I recently had the chance to sit down with the Motley Fool’s own Jake Mann to discuss some of the business principles that I felt crossed over into the world of professional football and the emphasis I put on these in my book Taking Your Team To The Top – How to build and manage great teams like the pros.
The following interview appeared on their website on February 9, 2014.
5 Business Lessons From an NFL GM
The NFL is one of the biggest businesses in the world. It makes more than $9 billion in annual revenue, and Forbes estimates each of the league’s 32 teams spent an average of $240 million last season. As you might expect, football’s most successful leaders often follow strategies similar to those used in the board room.
I talked to Ted Sundquist, the former GM of the Denver Broncos, about what he’s learned from more than a decade of NFL experience. There are a few lessons that can be used by anyone in the business world.
Lesson No. 1: When searching for talent, pay attention to ‘core makeup’
According to Sundquist, finding talent is “both an art and a science.” From football teams to publicly traded companies, some are simply better at this than others. The best typically set a character type they’re looking for, and find the top employees that fit that type, regardless of their exact job function. Taking Your Team to the Top, which Sundquist finished writing last year, discusses how NFL executives use this strategy.
“If you want a fast team … you build speed throughout as a core component…. If you want an active team in the community … you set character as a highly weighted [factor].” He says that this way, leadership can adjust its mission while still maintaining a standard “deemed essential to the identity of the team.”
In the business world, companies will at times focus too much on the task required by the position to be filled and not … the core makeup of the team member filling the position…. If [candidates] do not meet the standards of “who you are” as a business, then there is no reason to go forth with any further evaluation.
If an employee’s underlying character is ignored, Sundquist says, “the job may be executed, but the problems that permeate off the individual … ultimately affect the other members of the team.”
Lesson No. 2: Make sure you have a mission
The GM told me that while interviewing for a job with an unnamed NFL team, he once asked its owner if he was prepared to supply the resources needed to win a Super Bowl. The owner’s honest answer was, “Super Bowl? We don’t say that word around here. Someone might hold us accountable and that would cause too much disruption.”
As Sundquist points out, during his 16 seasons with the Denver Broncos, their mission “was towin a Super Bowl Championship each and every season.”
“Everything we did,” he says, “centered on completing that mission,” and “everyone within the organization was keenly aware of how their efforts fit into the big picture.” To him, a mission is crucial to any organization because without it, “employees would simply be lost in the ocean of objectives.”
The mission statement, then, does three primary things, according to Sundquist: (a) It summarizes goals, (b) improves efficiency, and (c) maintains focus. These are usually constant no matter the business, whether the mission involves a brokerage trying to improve profit margins, a media company pushing for more page views, or a sports team searching for a championship.
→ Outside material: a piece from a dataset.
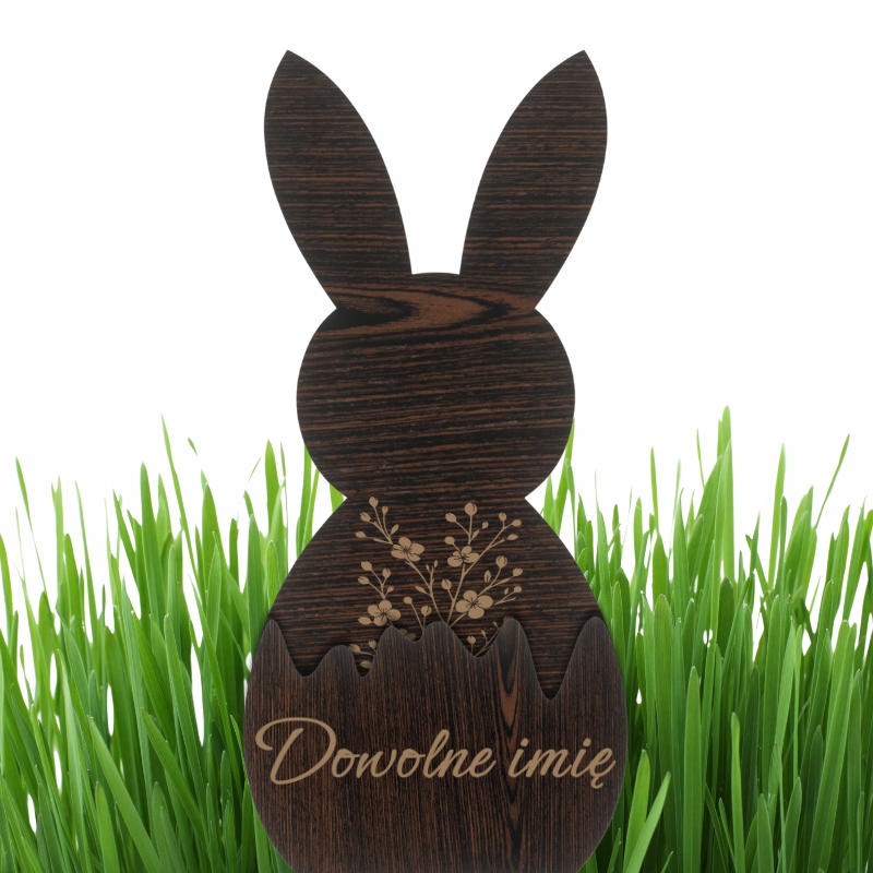 zając Стоя Пасхальное украшение Имя Скорупки с базой гравировки Oak Wenge

Lesson No. 3: Develop your assets
That said, no goals can ever be reached if employee performance isn’t maximized. Sundquist reveals his football experience taught him that the youngest generation of workers is in search of more than a typical job. He says most tend to want more from their leaders now, and that “the old ideas of ‘give one up for the team’ just don’t resonate as they once did.”
Younger players and employees want and need to know that they will be personally rewarded for their work, and if not, Sundquist has seen what can happen.
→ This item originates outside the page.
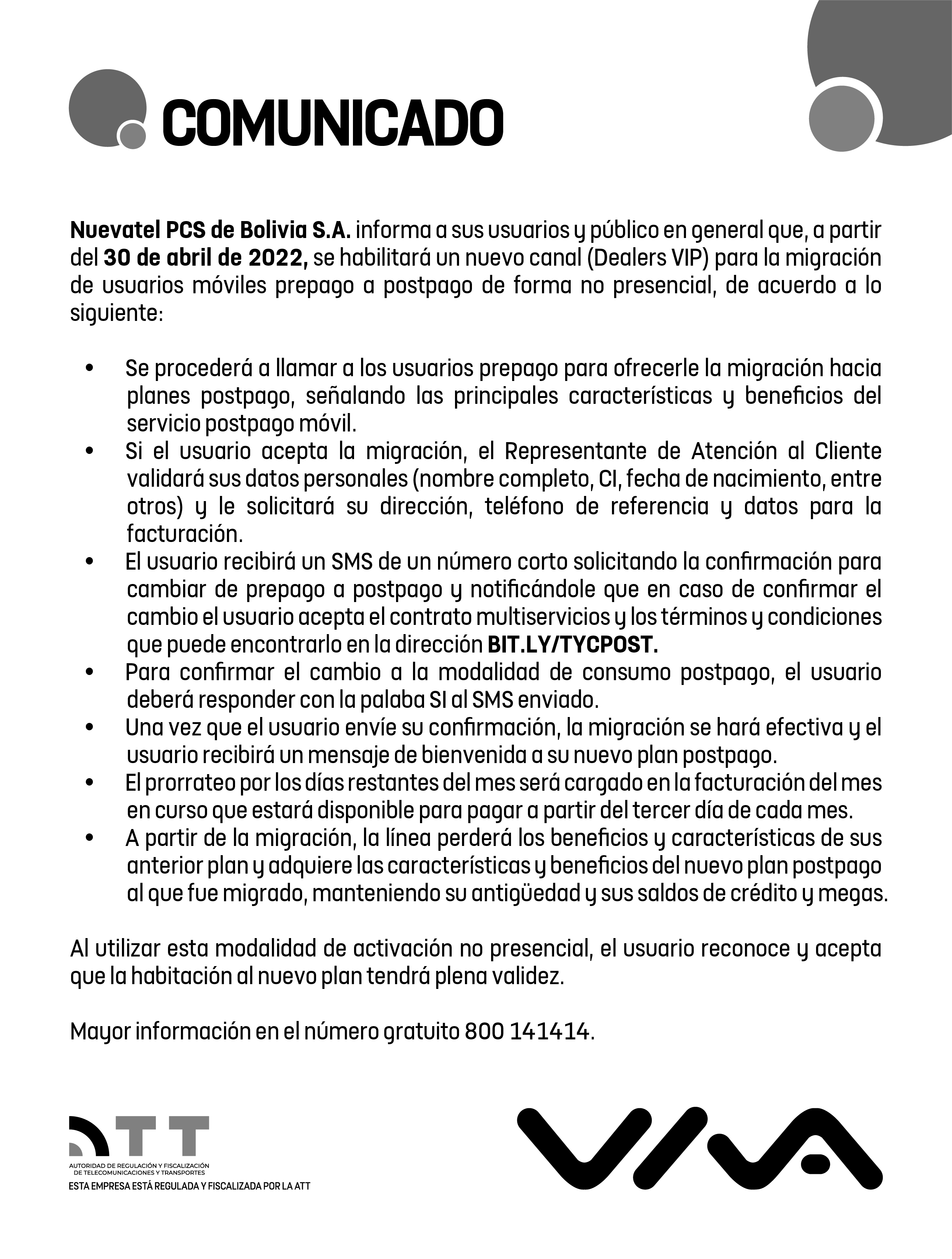 VIVA Comunicados Fecha de publicación: 28-09-2023 Modificación planes postpago servicio móvil VER COMUNICADO Fecha de publicación: 28-09-2023 Trabajos mantenimiento 05 y 06 octubre 2023 VER COMUNICADO Fecha de publicación: 28-09-2023 Modificación planes postpago servicio móvil VER COMUNICADO Fecha de publicación: 25-09-2023 Expiración de MB y crédito VER COMUNICADO Fecha de publicación: 25-09-2023 Modificación servicio de valor agregado HYPE GAMES VER COMUNICADO Anterior1 ...107108109 110111... 163 Siguiente

They begin immediately looking for an out when they feel the team and its leaders are not there to support them…. Without a clear direction … these team members become complacent regarding their role toward mission accomplishment. In some instances, it takes only one downtrodden or disgruntled team member to destroy the efforts of the entire team.
What’s the fix?
Sundquist explains it is crucial that businesses “create an environment where all members feel as if they are … seen as an investment rather than movable and disposable commodities.” If this can be done, most begin to believe they are more valuable, and as a result, they work harder.